C’est tellement rôdé dans la tête de mes collègues hospitalières que quelquefois elles ne réfléchissent pas plus loin que le bout de leur dossier (pardon,collègues) et me font suivre des patientes qui en vrai n’en ont absolument pas besoin.Je ne dis rien,ce sont mes dossiers-relax,héhé.

Or donc,en début d’année,les urgences,en bon nœud de triage instantané,m’adressent une patiente parce qu’elle est turque(si si ) et depuis très peu de temps en France donc présupposée sans papiers et sans droits ;elle doit relever donc automatiquement de mes compétences.Or il se trouve que la jeune dame en question est née de l’autre côté du Rhin,qu’elle est de nationalité allemande et bénéficie d’une prise en charge européenne.Nous conversons dans la langue de Goethe, puisqu’elle ne comprend pas le français et que je me débrouille encore assez bien pour lui expliquer le suivi de grossesse,les examens( y compris les marqueurs HT21 -qu’elle refusera- j’ai le temps,elle est à peine à 10 semaines de grossesse) J’en profite eu égard à son rhésus négatif pour glisser la prévention Rhésus.Après avoir bien réfléchi,elle décline aussi l’injection .

Elle me trouve sympa,j’entrevois un dossier reposant.on se dit en allemand ,bien sûr que si sa grossesse se passe bien,on peut faire un bout de chemin ensemble. Je vais donc la suivre en prenant soin de noter EN GROS en gras en rouge à chaque consultation qu’elle ne souhaite pas d’injection préventive.Ce qui est son droit même si je n’en pense pas moins.Nous franchissons haut la main le cap des 33 semaines.

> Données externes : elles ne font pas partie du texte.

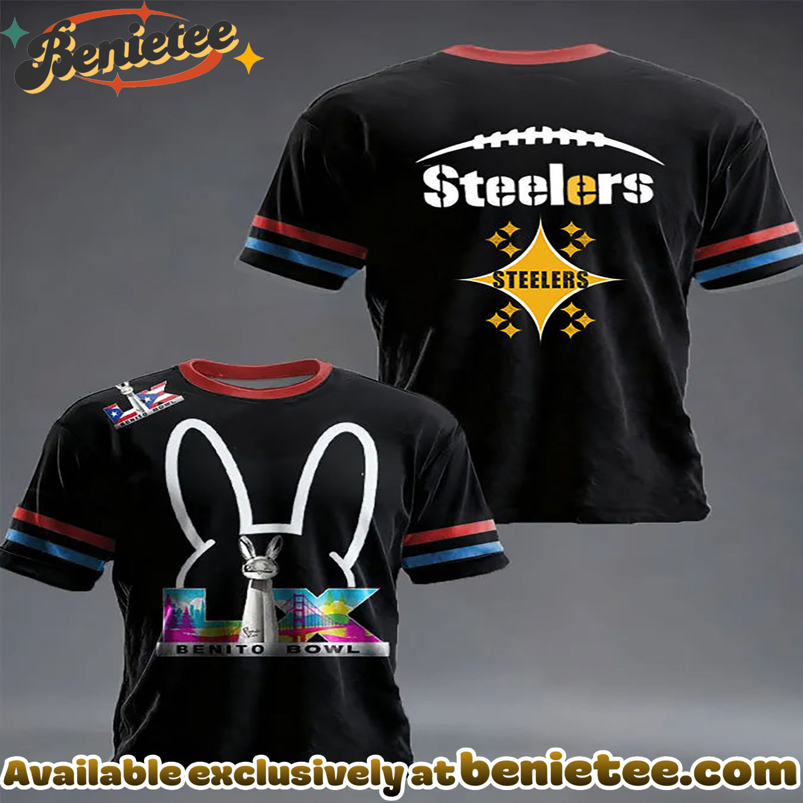 Step back in time and celebrate the legendary Pittsburgh Steelers with our exclusive Benito Bowl Retro Ringer T-Shirt. This vintage-inspired tee is perfect for any die-hard fan looking to showcase their team spirit with a touch of classic style. Featuring a unique design that harks back to iconic Steelers moments, this shirt is more than just apparel; it’s a piece of football history. Crafted for comfort and durability, it’s ideal for game days, casual outings, or simply lounging at home while cheering on your favorite team. Don’t miss out on owning a piece of Steelers memorabilia that stands out from the crowd. Grab yours today and relive the glory!

La semaine suivante,elle passe aux urgences pour un banal rhume.Elle ne reviendra pas à la consultation suivante,elle me téléphonera en pleurs pour me dire qu’elle accouchera dans une autre maternité.

Aux urgences,sans la prévenir ni lui demander son avis on lui a fait cette fichue injection qu’elle refusait.Elle a compris après coup et ne décolère pas.

ET MOI DONC.

C’était son choix, en toute connaissance de cause.

Il y a encore du chemin,non,face au pouvoir médical ?Et je n’ai donc pas fini de grommeler,moi!

8 réflexions au sujet de « PUISQU’ON VOUS DIT QUE C’EST POUR VOTRE BIEN »

  1. PerrucheG

    C’est vraiment scandaleux. L’absence de consentement me révolte considérablement. Ça ne paraît pourtant pas compliqué de responsabiliser les patients face à leur choix, quand ils ont évidement les capacités Intellectuelles de choisir en toute conscience.
    Pour ma part, j’avais dit non aussi pour le Rophylac à ma gynéco libérale, après en avoir longuement parlé avec elle. Elle respectait ce choix. Et au cours d’une consultation pour une bricole de grossesse aux urgences j’ai eu droit à un sermont où on me traitait quasi d’irresponsable (!) sans JAMAIS chercher savoir quels étaient les motivations ou mes arguments (après tout je ne suis que médecin généraliste hein, je n’y connais pas grand chose à ces machins de gynéco…)
    Pffff…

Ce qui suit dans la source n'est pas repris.